Bit manipulation is one of the most powerful concepts in C programming, C++ programming, and embedded systems development. It allows you to directly access and modify individual bits inside an integer, making it extremely useful for hardware register control, memory optimization, cryptography, networking, and performance-critical applications.

Instead of working on an entire integer, bit manipulation gives you fine-grained control to set, clear, check, or toggle a single bit. This skill is not only essential in embedded firmware and device drivers but also frequently appears in technical interviews.

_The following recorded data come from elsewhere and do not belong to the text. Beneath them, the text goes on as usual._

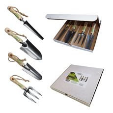 Zestaw tworzą poręczne i wytrzymałe narzędzia o zaoblonych głowicach z wysokiej jakości stali i profilowanych rączkach z lakierowanego drewna bukowego. Łopatki, widełki i wycinak idealnie sprawdzą się przy roślinach doniczkowych i małych rabatach.
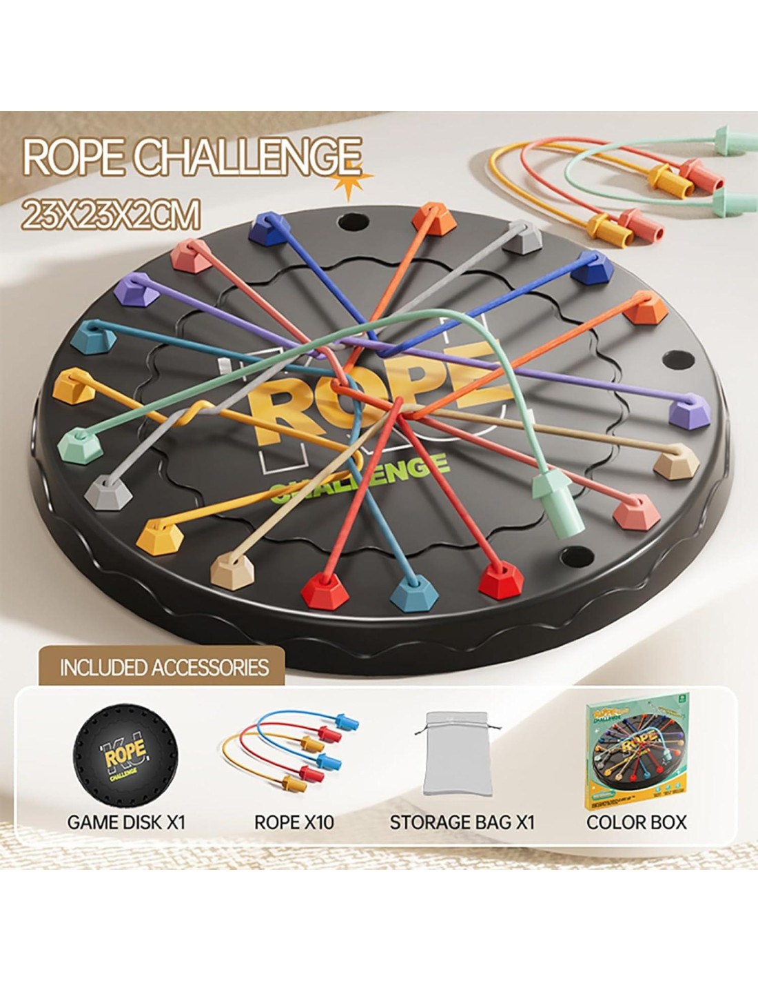 - Cómo Jugar: "Inserta ambos extremos de 10 cuerdas vibrantes (con puntas de plástico) en los 22 agujeros del tablero, torciendo en nudos o cruces. Ajusta la dificultad con 3-10 cuerdas. Los jugadores mueven las puntas de las cuerdas SOBRE otras-nunca debajo-para vaciar agujeros. Retira las cuerdas desenredadas y limpia todo para ganar-Para instrucciones detalladas, mira el video: Cómo Jugar - Desafío de Desenredo de Cuerda."
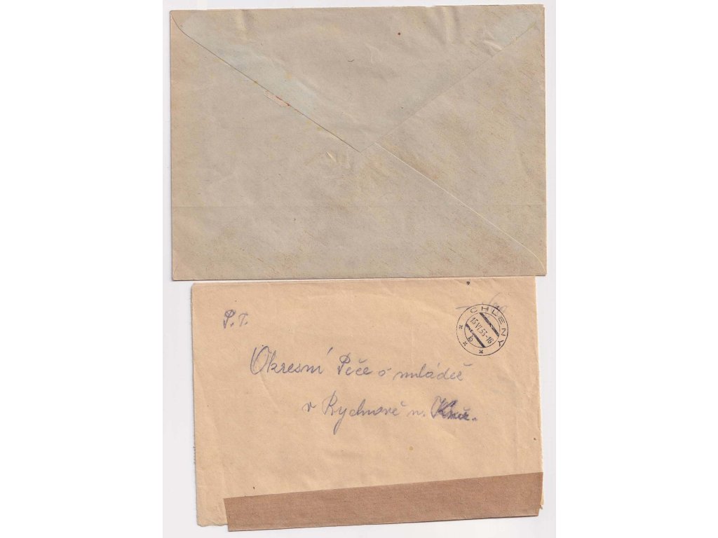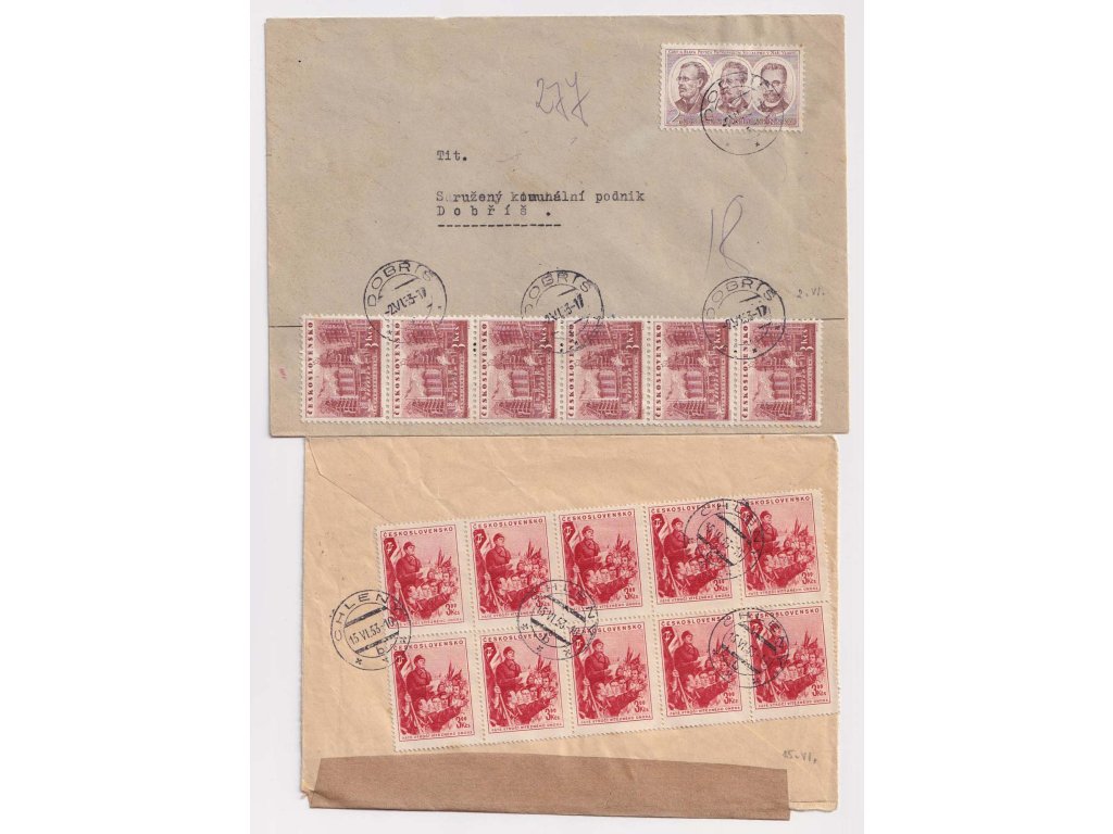Měnová reforma, 2.6.1953, 2 ks celistvostí, DR Chleny 15.6.1953 resp. Dobříš 2.6.1953, různé frankatury a jakost
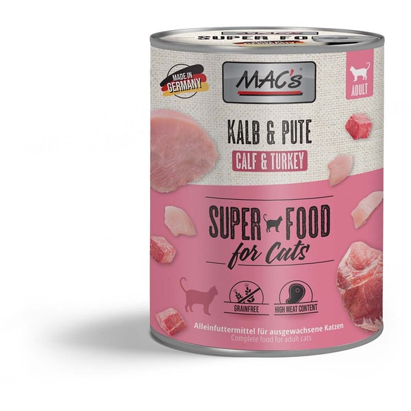 MACs telecí & krůtí maso poskytne vaší kočce krmivo s velmi vysokým podílem masa. Plnohodnotná strava bez obilovin byla vyvinuta důsledně bez přidání jakýchkoliv sacharidů. Kombinace čerstvého krůtího masa s čerstvým telecím je dobře snášena téměř všemi kočkami. Díky šetrné přípravě a přídavku vitaminů a minerálních látek je dosaženo výživy vaší kočky, která se blíží přirozené stravě koček.
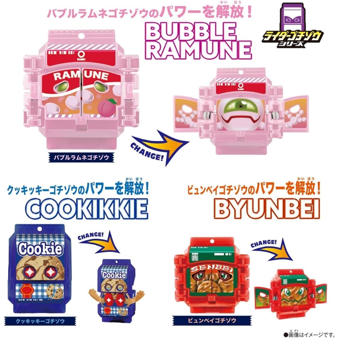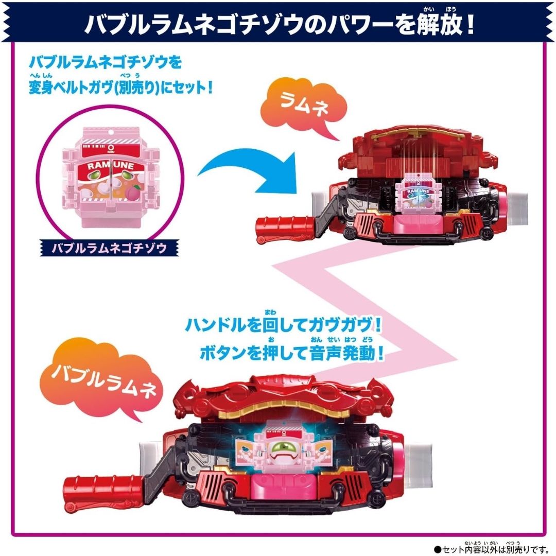 Kamen Rider Gavv Gochizo Set DX Series 3 menghadirkan tiga item unik: Bubbleram Negolphan, Cookie Gourd, dan Bungbei Gypsophila. Gunakan bersama Sabuk Transformasi DX Gavv (dijual terpisah) untuk memicu perubahan form dan efek khas dari masing-masing item.
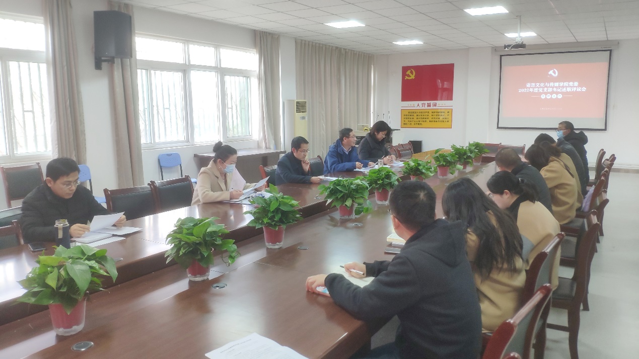 2月21日,語言文化與傳媒學院黨委在二樓會議室召開2022年度黨支部書記抓黨建工作述職評議會。學院黨政領(lǐng)導、黨委委員、科級干部和各黨支部書記參加會議。會議由學院黨委書記儲昭輝主持。
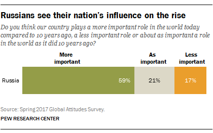 A majority of Russians believe their country is playing a more important role in the world today than it did a decade ago. Other publics with a sense of growing global importance include China and India. In a spring 2016 survey,
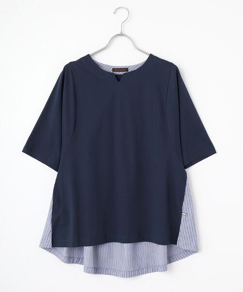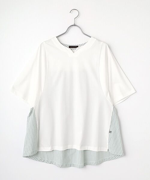 ゆったりとしたデザインTシャツ。後ろ身頃にポリエステル混のストライプ生地を使用。シワになりにくいので洗いざらしでOK.きちんとした印象なのでお仕事にも使いやすいです。ベースの生地は接触冷感の天竺を使用しているので涼しく快適にご着用いただけます。
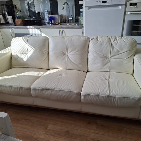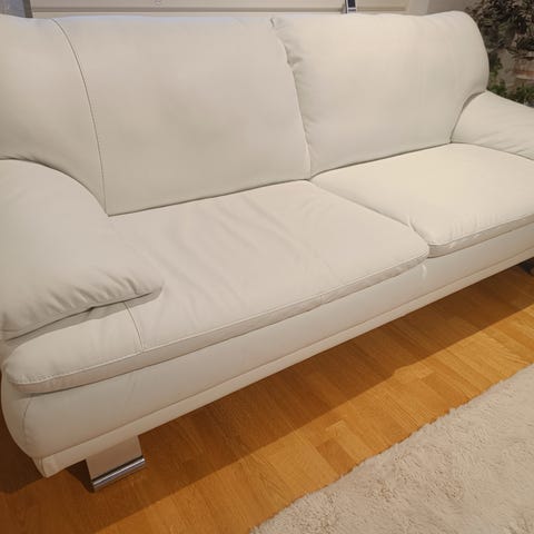 3+2 hengen valkoiset nahkasohvat. Mitat sohva 3: Lev. 200 syv. 90 kork 94. / Sohva 2: lev. 150 syv. 90 kork. 94. Istumakorkeus 48 kummassakin.

In this article, we will cover step-by-step how to perform bit operations using functions and macros, along with practical examples that you can apply in real projects.

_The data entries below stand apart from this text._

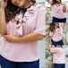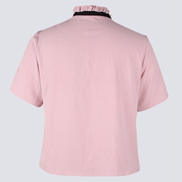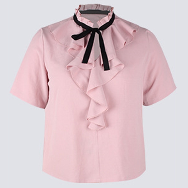 This blouse comes with a sweet pink tone,finished with short sleeve and ruffle design,which can
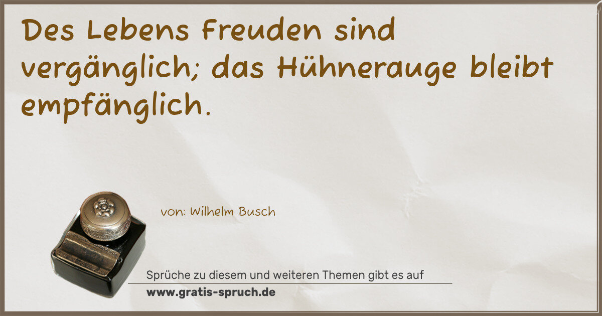 Des Lebens Freuden sind vergänglich; das Hühnerauge bleibt empfänglich.
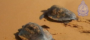 Timely action taken by the naval troops attached to Ma-oya Naval Sub Unit of SLNS Kelani in the Western Naval Command was able to save the lives of four turtles and release them to sea for safety with the assistance of the DFAR officials on 13th January 2015.
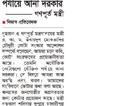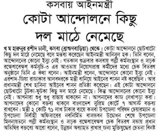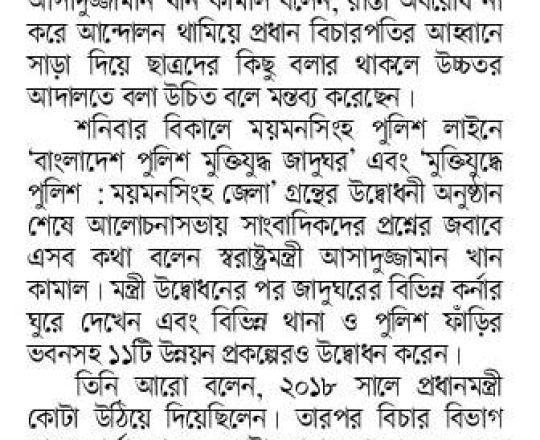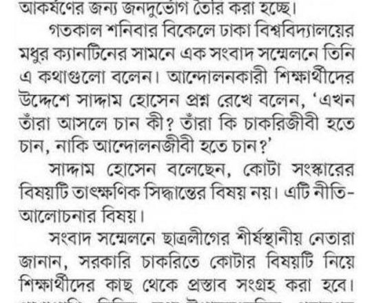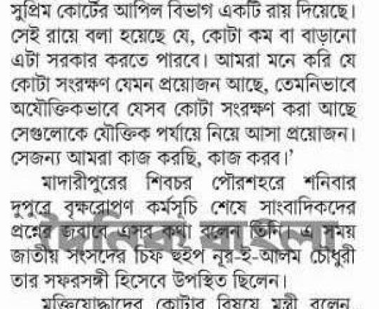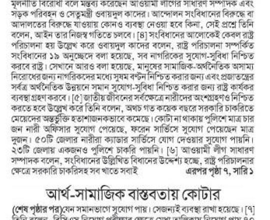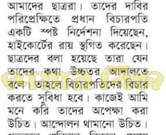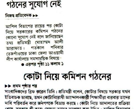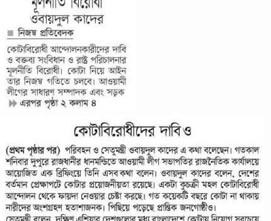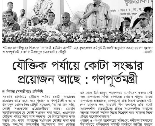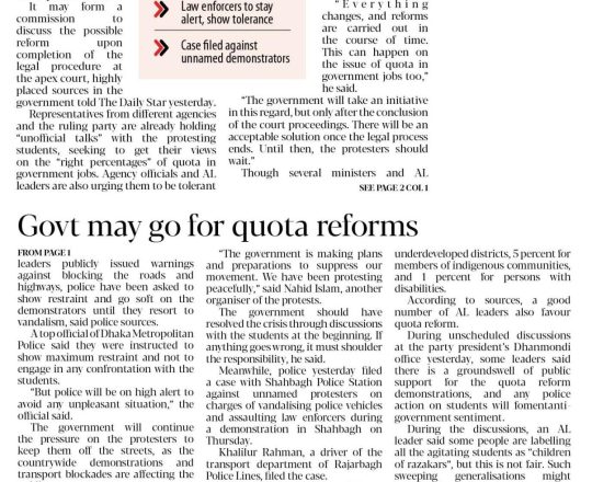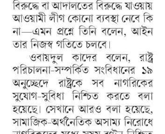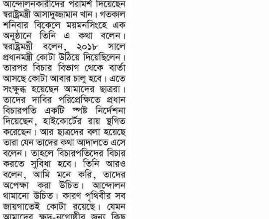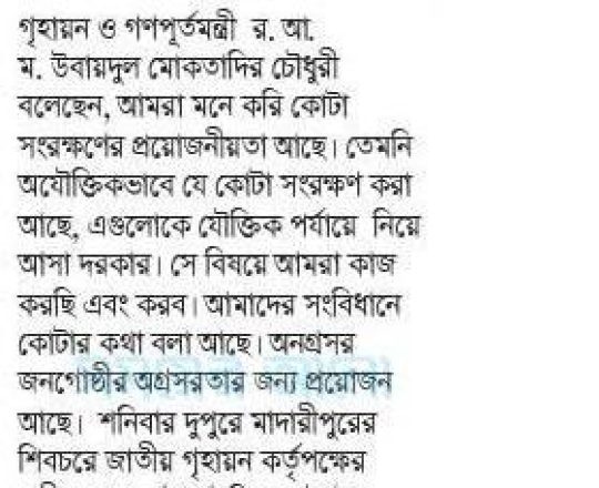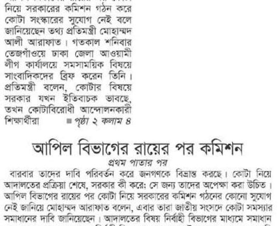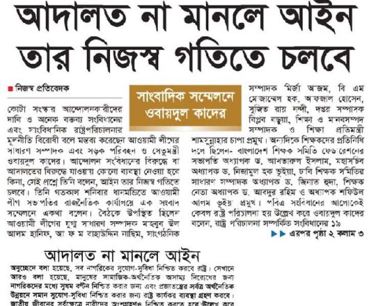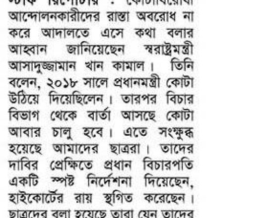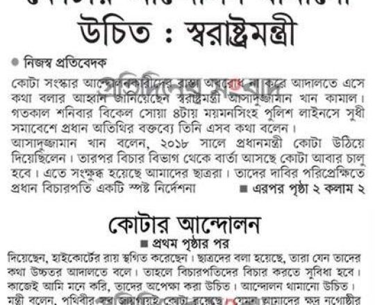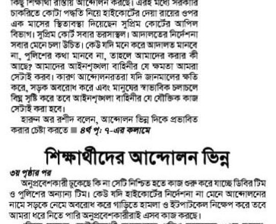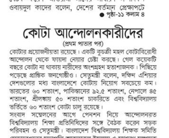 প্রথম আলো, ১৪ জুলাই, Govt won’t do anything on quota before Appellate Division’s verdict: Quader

In this comprehensive guide, you will learn:

• What the N-th bit means in C.
• How to set, clear, check, and toggle a bit using functions and macros.
• Real-world examples and explanations.
• Best practices and common mistakes to avoid.

 

Table of Contents:

• Introduction to Bit Manipulation
• How to Set a Bit
• Understanding the N-th Bit
• Setting the N-th Bit in C
• Clearing the N-th Bit in C
• Checking the N-th Bit in C
• Toggling the N-th Bit in C
• Real-World Applications of Bit Manipulation
• Common Mistakes in Bitwise Operations

 

Note: Quiz on bit-wise operators.

 

Introduction to Bit Manipulation:

In C, numbers are stored in binary form (a series of 0s and 1s). Sometimes, we don’t want to operate on the whole number but only on specific bits.

For example:

• Turning ON an LED connected to bit-3 of a port register.
• Checking if a flag bit is set in a status register.
• Clearing specific control bits in a configuration register

This is where bit manipulation comes in.

👉 To do this, we use bitwise operators:

• | (OR) → Set bit
• & (AND) → Clear or check bit
• ^ (XOR) → Toggle bit
• ~ (NOT) → Invert bits

 

Understanding the N-th Bit:

The N-th bit refers to a bit at position N, starting from 0 (least significant bit, LSB).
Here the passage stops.